The Başbağlar massacre is considered one of the bloodiest mass killings in the history of the PKK. The motive was rooted in sectarianism, and the massacre was seen as retaliation for the Sivas massacre.

==Investigation==
Nearly twenty people were allegedly arrested as part of the investigation, in which two people were jailed and sentenced to life imprisonment for being members of the PKK. Turkish authorities claimed that although the PKK apparently claimed responsibility for the attack, during interrogations, jailed PKK leader Abdullah Öcalan said that he had been unaware of the incident and stated that a PKK member codenamed Dr. Baran was responsible for the incident. In 1998 the case was closed.

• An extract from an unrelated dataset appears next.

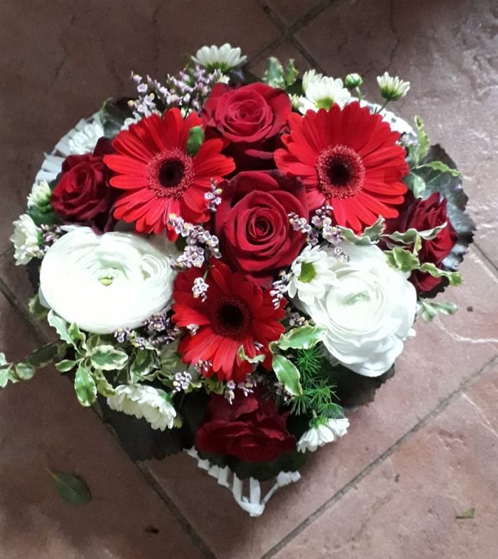 Cuore di ranuncoli bianchi, rose rosse e gerbere rosse

Forensic examination of cartridge cases recovered from the scene found that 12 of 17 5.56×45 mm cases were fired from the same 5.56 mm automatic rifle, identified by its serial number. The 2022 indictment described the weapon as an American-made automatic rifle. the indictment which confirms that forensic examination of the spent cases found that the weapons used at Başbağlar had also been used in 10 other attacks in Tunceli and the Bingöl massacre both which took place between 1992 and 1994.

== Memory ==
On 5 July 2010, the Turkish minister Faruk Çelik visited Başbağlar to commemorate the day, he said: "No matter how many years pass after this incident, we will never forget this sorrow and those who caused it.”

in 2013 a memorial was opened to the public, located in the place of the massacre. It has preserved the pictures and items of the victims. The memorial was visited by President Recep Tayyip Erdoğan and the Governor of Erzican Hamza Aydoğdu. Every year on July 5th, a formal state and public commemoration ceremony is held at the site. Government representatives, local authorities, and hundreds of citizens gather at the village square.